◆ Data supplied:
Segment Open

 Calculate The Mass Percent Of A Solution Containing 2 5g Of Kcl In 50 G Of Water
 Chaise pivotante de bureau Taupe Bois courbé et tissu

Segment Closed
Segment Open

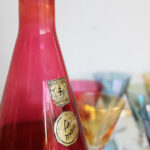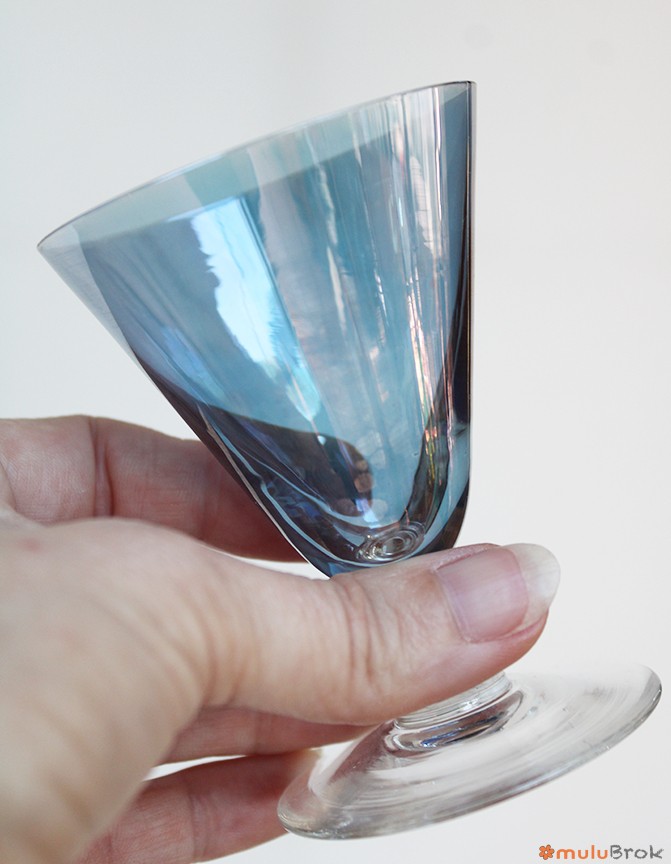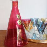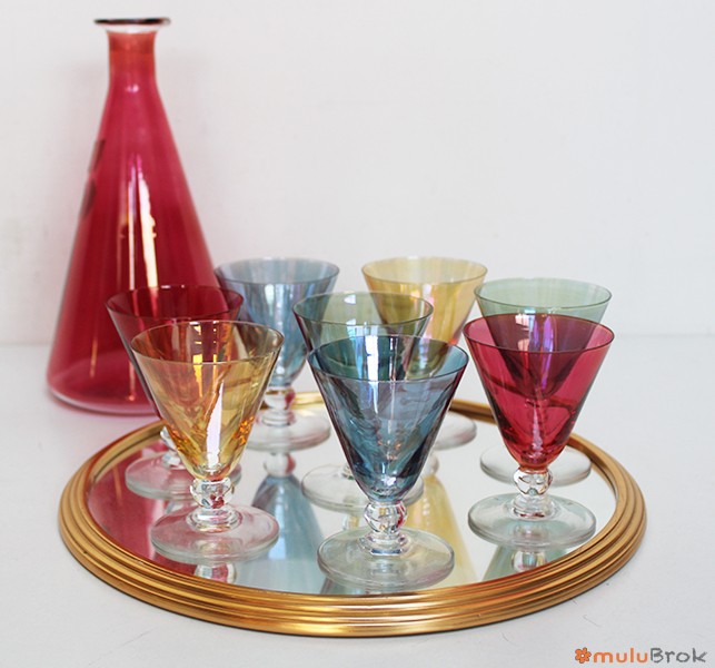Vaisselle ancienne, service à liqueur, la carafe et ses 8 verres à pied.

Segment Closed

◆ Brief: For this exercise, repeat exactly the lines of the data above from the one with "Calculate The Mass" down to the one with "Chaise pivotante de", both end lines included.

◆ Expected answer:
 Calculate The Mass Percent Of A Solution Containing 2 5g Of Kcl In 50 G Of Water
 Chaise pivotante de bureau Taupe Bois courbé et tissu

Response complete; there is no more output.